After pouring second coffees, she sat and looked at me and said, “I’m being a hell of a problem to you, Trav.”

“I worry about it every minute.”

“Thank you for patience and endurance. You have won the Lois Award.”

“Hang it with my other plaques.“

“I watched the dawn from your sun deck. It was a nice one, with thunderheads. I came to the astonishing conclusion that I better not try to give anything until I’ve built up something to give. Otherwise, it’s just taking.”

“In the morning I’m often anti-semantic.”

“Any future aggression, if there is any, will have to be yours.”

“Sounds valid.”

“And if there isn’t any, don’t go around worrying about what I might be thinking.

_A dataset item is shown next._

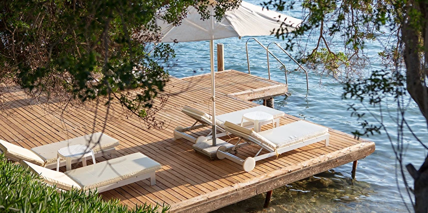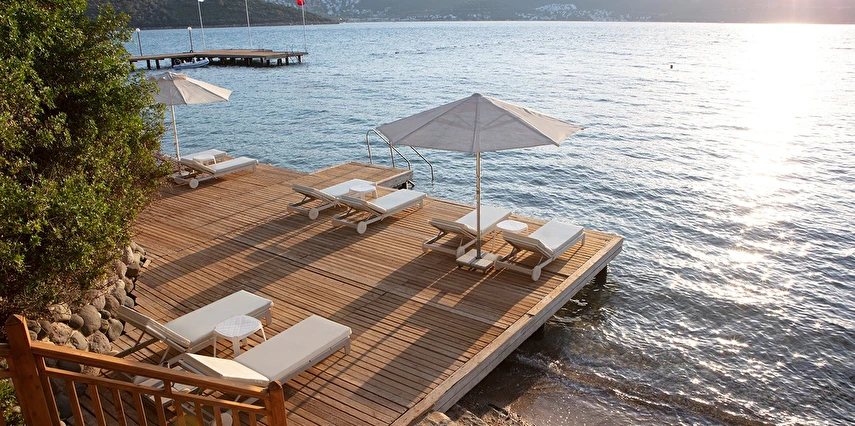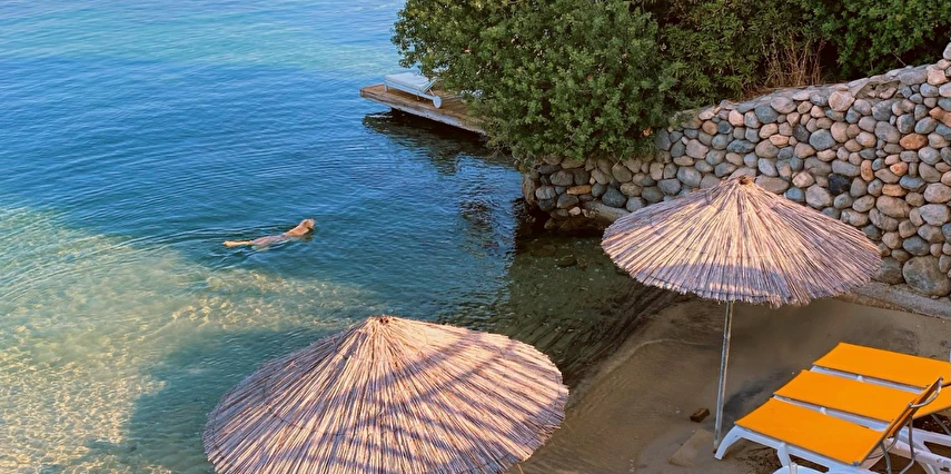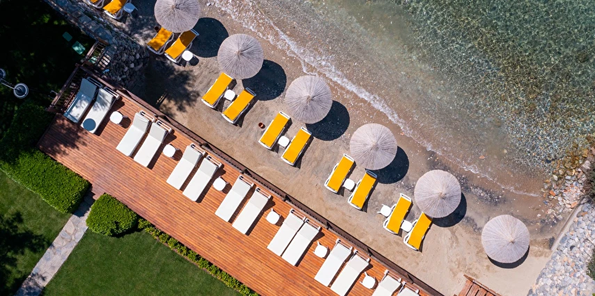 Denize sıfır konuma sahip tesisin, 150 m uzunluğunda kum ve çakıl plajı, platformu ve iskelesi bulunuyor. Şezlong, şemsiye, minder ve havlu ücretsiz.

Last night I collected on my assurance. in advance.”

“0kay.”

“Finish your coffee and come see what unskilled labor has done to your barge.”

The work was worth the admiration I gave it. I shooed her off to the beach, with all her gear. She was back in three minutes just to tell me that she couldn’t guarantee she wouldn’t get a little nutty from time to time, but she felt she was past the pill period, and then she headed back toward the beach, a lissome broad in her mirrored sunglasses, walking on good legs and she was far younger than her years, yet old as the sea she approached.

The operator tracked down Harry in New Vork, from one number to the next.

“In answer to your questions, laddy boy, it is mostly a yes. A few months back some very fine items made an appearance here and were you might say classic items, the kind you expect there should be a description, like perhaps on an insurance list. But they are clean, I am told. All Asiatic items, with, as usual, some of the faceted stuff cut freehand enough to take a smidgen off the value. They have appeared here and there and worked their way up through the Street, everybody taking the small edge a quality thing brings, and they are now mostly in the hands of the top houses being mounted in ways worthy of them, and you can find one advertised in The New Yorker as of present, page eighty-one, a retail to curl the three hairs I have remaining. It was a goodly number of top items, a minimum of ten, and perhaps no more than fifteen, unless somebody is holding tight. As to source, laddy boy, on the Street I found a word here, a word there, adding up to a smiling savage man, not by any means a fool, unloading one at a time, without haste, for cash, known to slam one man against a wall, and having no trouble thereafter, claiming he’d be back often with more of the same.”